New Report Challenges Beliefs About the Value of AP Classes
Joyce Park stashed this in Modern problems
Stashed in: Education!, Awesome, education, Parenting, Education
When I was a young troutgirl, my high school did not have AP classes because they felt their mission was to educate the majority rather than spending an inordinate amount of resources on a small number of high achievers.
Now education in America for young strivers requires them to spend money on outside tutors, give up sleep and rest, and probably take antidepressants to deal with the incessant pressure of feeling like a failure all the time. It's an arms race!
All AP tests let me do was not take classes in college. Doesn't seem worth it.

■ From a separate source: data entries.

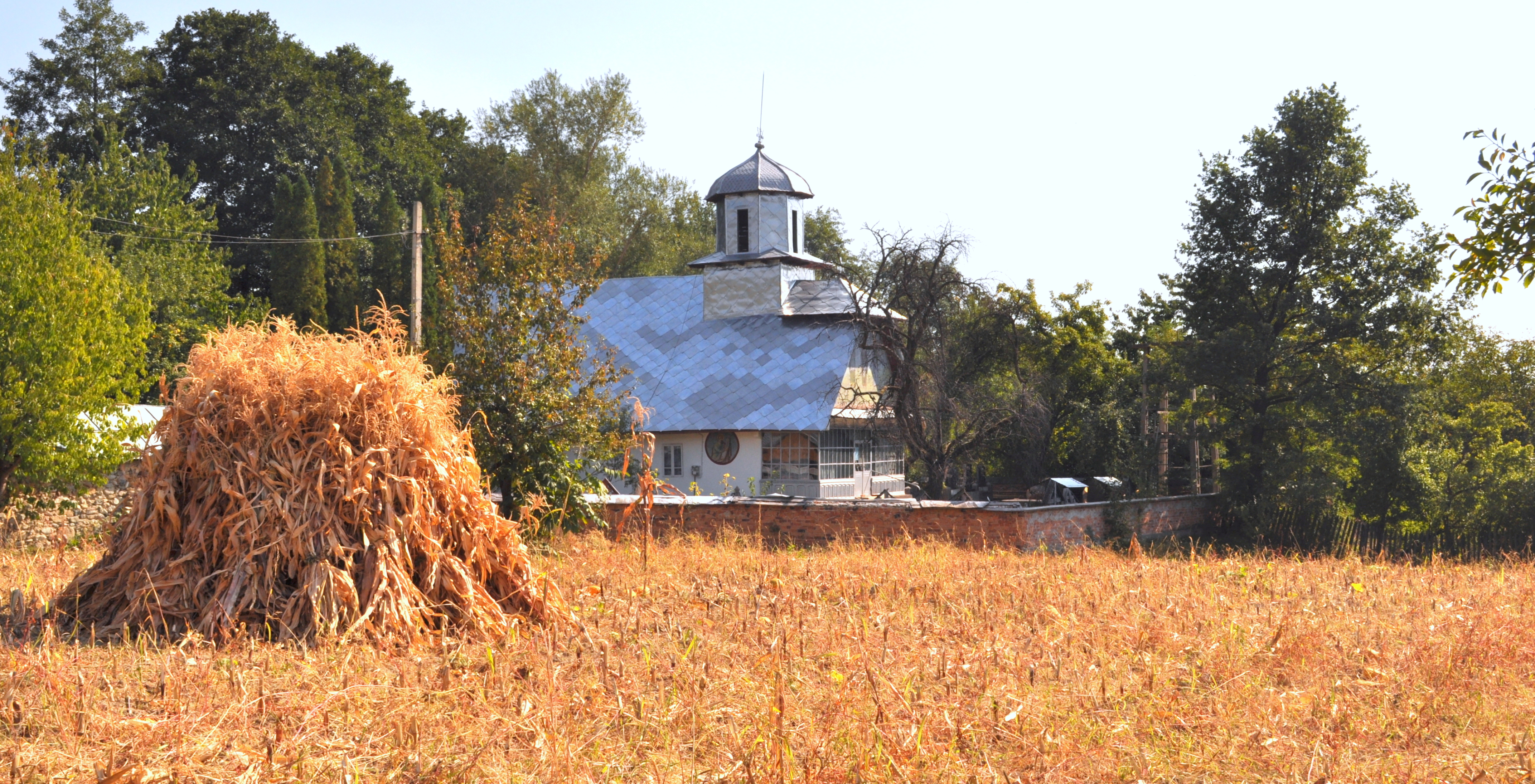 Wooden church of Pious Saint Parascheva in Cărpiniș, Gorj county, Romania
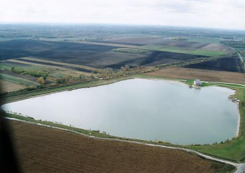 Ikrény, Hungary, aerialphotography
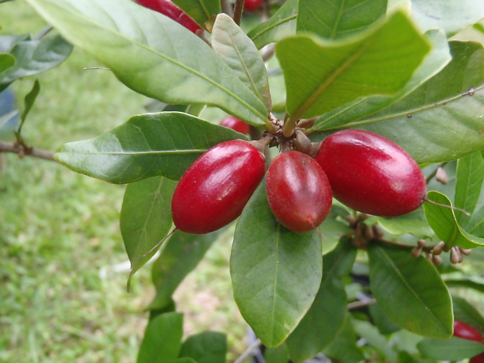 Photo of Miracle berry
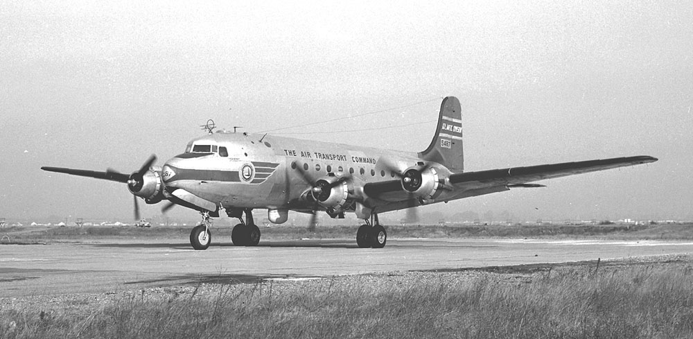 C-54AtlanticDiv

there is a difference between the difficulty of getting into a tier 1 college and AP classes, yes? What is the point of high school? is it more about education or maturity?
I was expelled from high school after 10th grade AND attended a tier 1 college... so I'm the very last person who would have a good answer. :)
Jared, high school should be more about maturity: learning how to learn, learning motivation, learning how to interact with others.
AP emphasizes book learning, which arguably is the least important part of a high school education, since in retrospect most of those details fade with time.
I skipped an entire YEAR of college from my 30 AP credits... so yeah.. with the prices class credits were even in 1994, it was very much worth it.
Also, those AP classes kept me segregated from the troglodytes who routinely abused and bullied me. I would literally not be where I am right now without that safer learning environment. So yes again, it's worth it.
Adam, this sounds like you are combining education and maturity into a single thing. "Jared, high school should be more about maturity: learning how to learn, learning motivation, learning how to interact with others."
Does high school offer the best place for either maturity or education to take place?
I would offer that taking bright students who could pass the GED as freshman and placing them into more real world learning opportunities would improve their learning, maturity, and social interaction. high school seems to be a worse place in how peers treat one another than the adult world.
Jared, what Jason mentioned affirms your point. High school is a worse place than the adult world.